Rosa Panta: “Anteriormente nuestros derechos no eran respetados”

La cooperativa de mujeres emprendedoras que preside desde 2010 en la provincia de Santa Elena, Ecuador ha facilitado el emprendimiento de una red de más de 200 mujeres a las que ha ofrecido un mundo más allá del cuidado de la casa y la familia: “Anteriormente nuestros derechos no eran respetados, estábamos dedicadas exclusivamente a las tareas del hogar”. Ahora colaboran en los ingresos económicos de sus hogares y tiene bien marcados sus deseos para el futuro: “nuestra visión es ser una futuras empresarias, tener nuestra propia empresa y dar trabajo a las compañeras que vienen por detrás”.

Rosa es la propietaria de la hospedería Karina cuyo  lema tiene bien claro: “Alojamiento con calidad y calidez comunera”. Comenzó con su marido a pequeña escala y su oferta de servicios ha ido creciendo debido a los numerosos turistas extranjeros que visitan la región, a cuyo centro de acuacultura acuden profesionales de todos los rincones del mundo.
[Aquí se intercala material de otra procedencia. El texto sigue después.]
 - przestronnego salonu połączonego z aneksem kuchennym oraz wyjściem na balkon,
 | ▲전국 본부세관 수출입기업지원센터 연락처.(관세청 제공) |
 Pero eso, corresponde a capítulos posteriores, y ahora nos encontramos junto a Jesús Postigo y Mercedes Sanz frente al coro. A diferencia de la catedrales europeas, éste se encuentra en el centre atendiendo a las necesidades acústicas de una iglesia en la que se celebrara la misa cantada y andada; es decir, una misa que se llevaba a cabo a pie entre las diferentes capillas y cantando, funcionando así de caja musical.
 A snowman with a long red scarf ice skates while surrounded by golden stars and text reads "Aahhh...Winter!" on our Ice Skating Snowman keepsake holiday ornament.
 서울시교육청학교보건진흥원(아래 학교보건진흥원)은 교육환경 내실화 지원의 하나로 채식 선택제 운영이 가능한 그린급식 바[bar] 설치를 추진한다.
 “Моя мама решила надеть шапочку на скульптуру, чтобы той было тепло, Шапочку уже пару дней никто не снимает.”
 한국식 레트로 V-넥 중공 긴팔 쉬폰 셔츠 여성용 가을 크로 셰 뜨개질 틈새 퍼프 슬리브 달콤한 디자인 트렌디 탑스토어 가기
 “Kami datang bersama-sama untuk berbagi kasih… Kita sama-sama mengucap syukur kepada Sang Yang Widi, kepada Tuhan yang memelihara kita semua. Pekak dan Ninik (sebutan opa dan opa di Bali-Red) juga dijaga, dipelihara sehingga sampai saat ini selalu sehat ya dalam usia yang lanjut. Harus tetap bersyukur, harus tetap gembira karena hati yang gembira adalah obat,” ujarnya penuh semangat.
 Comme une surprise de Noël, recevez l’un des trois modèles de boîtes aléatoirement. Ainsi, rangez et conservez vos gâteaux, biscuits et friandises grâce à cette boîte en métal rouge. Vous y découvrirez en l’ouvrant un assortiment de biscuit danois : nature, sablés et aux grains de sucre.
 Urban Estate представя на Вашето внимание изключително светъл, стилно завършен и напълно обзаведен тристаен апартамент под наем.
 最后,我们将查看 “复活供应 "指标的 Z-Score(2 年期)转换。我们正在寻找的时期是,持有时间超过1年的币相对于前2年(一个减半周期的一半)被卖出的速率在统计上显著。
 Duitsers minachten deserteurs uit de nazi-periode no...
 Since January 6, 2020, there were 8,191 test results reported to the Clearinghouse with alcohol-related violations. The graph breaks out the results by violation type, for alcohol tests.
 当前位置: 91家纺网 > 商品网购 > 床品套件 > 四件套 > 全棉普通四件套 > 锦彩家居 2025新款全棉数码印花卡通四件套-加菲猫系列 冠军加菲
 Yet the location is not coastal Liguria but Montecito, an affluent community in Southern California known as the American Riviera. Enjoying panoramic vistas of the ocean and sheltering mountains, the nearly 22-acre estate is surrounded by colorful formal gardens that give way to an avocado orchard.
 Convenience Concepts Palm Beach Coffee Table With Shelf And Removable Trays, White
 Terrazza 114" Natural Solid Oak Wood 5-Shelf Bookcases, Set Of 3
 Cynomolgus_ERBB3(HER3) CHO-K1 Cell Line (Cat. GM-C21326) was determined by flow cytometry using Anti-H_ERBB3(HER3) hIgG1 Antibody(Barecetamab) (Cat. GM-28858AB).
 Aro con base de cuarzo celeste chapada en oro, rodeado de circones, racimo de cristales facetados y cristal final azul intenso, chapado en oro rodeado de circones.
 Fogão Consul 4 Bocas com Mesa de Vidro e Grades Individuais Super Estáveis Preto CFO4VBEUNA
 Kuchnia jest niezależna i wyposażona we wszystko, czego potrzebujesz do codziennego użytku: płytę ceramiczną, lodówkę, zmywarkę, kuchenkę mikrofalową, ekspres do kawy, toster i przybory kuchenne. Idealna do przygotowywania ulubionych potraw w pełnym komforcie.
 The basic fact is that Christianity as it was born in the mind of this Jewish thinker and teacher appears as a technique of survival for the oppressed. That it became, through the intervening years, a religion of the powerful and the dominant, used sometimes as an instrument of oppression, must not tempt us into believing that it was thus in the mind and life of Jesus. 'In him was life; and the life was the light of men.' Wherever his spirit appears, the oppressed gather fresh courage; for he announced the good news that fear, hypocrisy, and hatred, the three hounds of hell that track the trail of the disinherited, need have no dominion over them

Y como no podía ser de otra manera, quedaron prendados de la especialidad de Rosa, su ceviche de pinchagua (sardina), un producto económico muy conocido en la provincia de Marabí, de donde provenía ella, que apenas era trabajado en la zona peninsular del país y que disparó la promoción de los servicios de Rosa y del resto de mujeres comuneras.

Porque la visión emprendedora de Rosa la llevó a ver cómo la gran cantidad de este pescado en la provincia apenas era comercializado durante la temporada de invierno y que ahora está a disposición de los turistas que acuden a sus playas durante los 365 días del año: “Iniciamos con el ceviche pero se ha ampliado a toda la comunidad, a la provincia y al resto de provincias con el resto de compañeras de la cooperativa”.

Rosa trabaja mano a mano con Ayuda en Acción en el fortalecimiento y la capacitación de mujeres rurales desde el momento que empieza a participar en los talleres que se realizaban con el CPR (Centro de Promoción Rural) y que la ayudaron en la promoción y comercialización de su incipiente emprendimiento. Es ahí donde  empieza a integrarse en un grupo de mujeres trabajadoras  que ahora abarcan 12 especialidades y que ahora preside.

El emprendimiento de Rosa hace que se sienta orgullosa de las oportunidades que ha podido brindar a su hija Karina, como la hospedería: “Mi hija es una doctora. Es lo más lindo que puedo decir”. Porque en la región es frecuente que las niñas abandonen sus estudios para contraer matrimonio y “procrear más pobreza”. Para eso quiere que su hija estudie una especialidad, para que como ella se sienta “orgullosa de alcanzar metas y ser más útil a la sociedad como mujeres, madres y responsables de un hogar”.